Hacker News new | ask | show | jobs
by eapriv 405 days ago
Great, we can spend crazy amount of computational resources and hand-holding in order to (maybe) reproduce three lines of code.
3 comments

The significance of this is that we can fully understand this problem because it’s only 3 lines of code.

Like for learning the English language we don’t fully understand the way LLMs work. We can’t fully characterize it. So we have debates on whether the LLM actually understands English or understands what it’s talking about. We simply don’t know.

The results of this show that the transformer understands the game of life. Or whatever the transformer does with the rules of the game of life it’s safe to say that it fits a definition of understanding as mankind knows it.

Like much of machine learning where we use the abstraction of curve fitting to understand higher dimensional learning we can do the same extrapolation here.

If the transformer understands the game of life then that understanding must translate over to the LLM. The LLM understands English and understands the contents of what it is talking about.

There was a clear gradient of understanding before understanding the game of life hit saturation. The transformer lived in a state where it didn’t get everything right but it understood the game of life to a degree.

We can extrapolate that gradient to LLMs as well. LLMs are likely on that gradient, not yet at saturation. Either way, I think it’s safe to say that LLMs understand what they are talking about. It’s just that they haven’t hit saturation yet. There’s clearly things that we as humans understand better than the LLM.

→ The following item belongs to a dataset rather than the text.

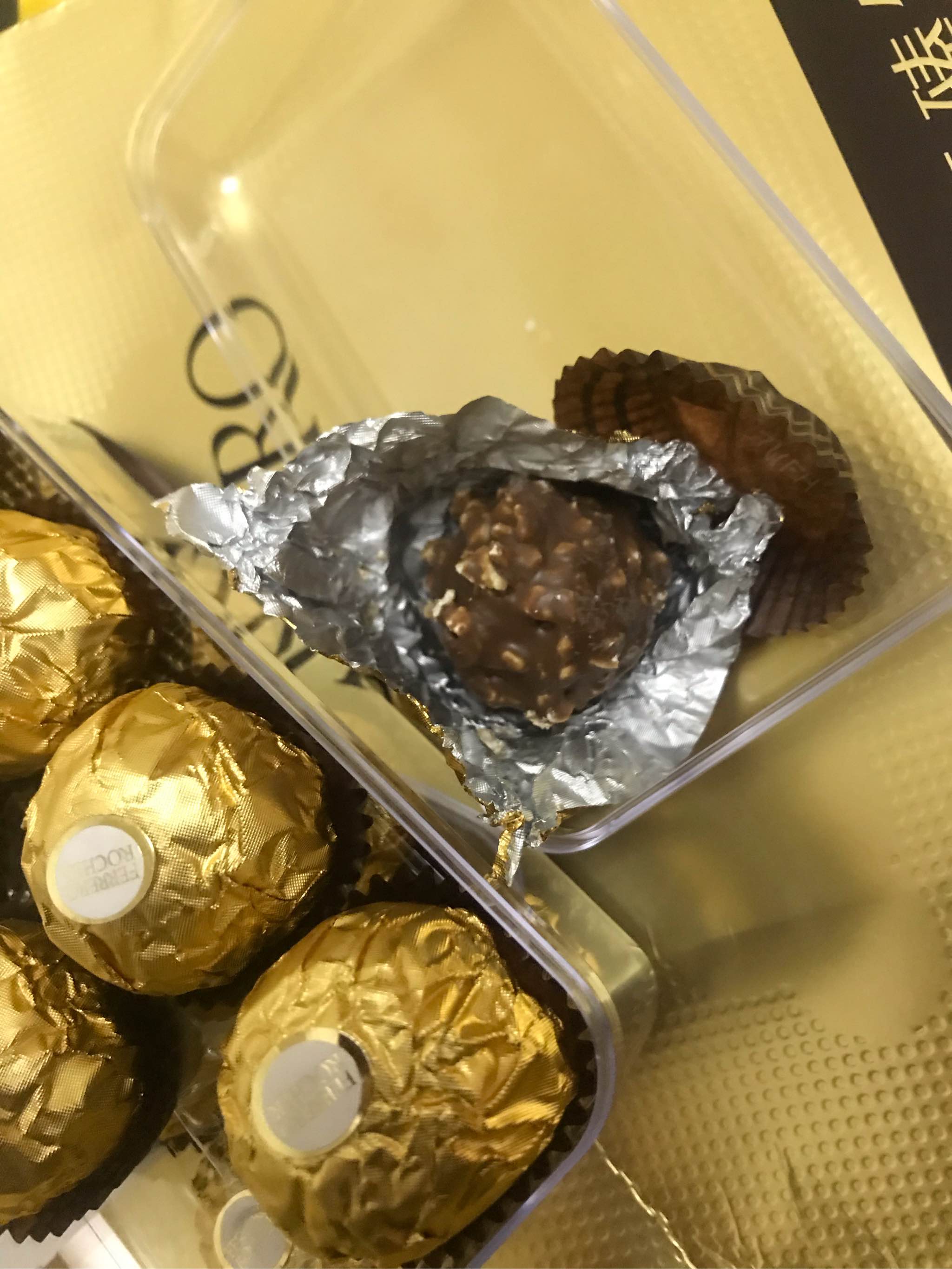 优点:好看,包装特别用心,每个球上的小标签特别精致,打上费列罗的标签只有专属费列罗的巧克力才能做到!巧克力球内容非常实在,咬一口,有脆脆的巧克力碎,有坚果的实在感,有巧克力酱的顺滑感,甜而不腻,绝对是巧克力里的精品!
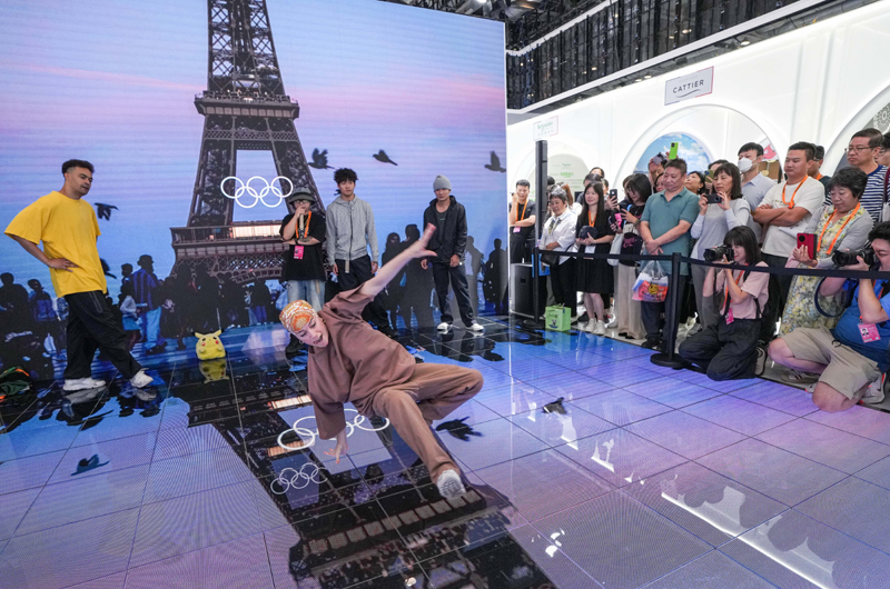 2024年9月14日,在2024年服貿(mào)會(huì)國家會(huì)議中心綜合展區(qū)的主賓國法國展臺(tái),中法兩國街舞好手在表演霹靂舞。新華社記者 陳曄華 攝

But let’s extrapolate this concept to an even higher level:

Have we as humans hit saturation yet?

It's a theoretical result to help determine what they're capable of, not a practical solution. Of course you can write the code yourself - but that's not the point!
Well, you could also implement this by hand-writing weights for one convolution layer.

There are only 512 training examples needed for that, and it would be a lot more interesting if a learning algorithm were able to fit that 3x3 convolution layer from those 512 examples. IIRC, and don't quote me on that, but that's not been done.

Exactly my thoughts. This is not useful at all. We already know how to write exact and correct code to implement that. This is no task that we should throw ANNs at.
Basic research has non-obvious utility and it deserves its own spotlight.

It’s similar to comparing hardware radio and software-defined radio: Yes, we already know how to build a radio with hardware but a software-defined one offers greater flexibility.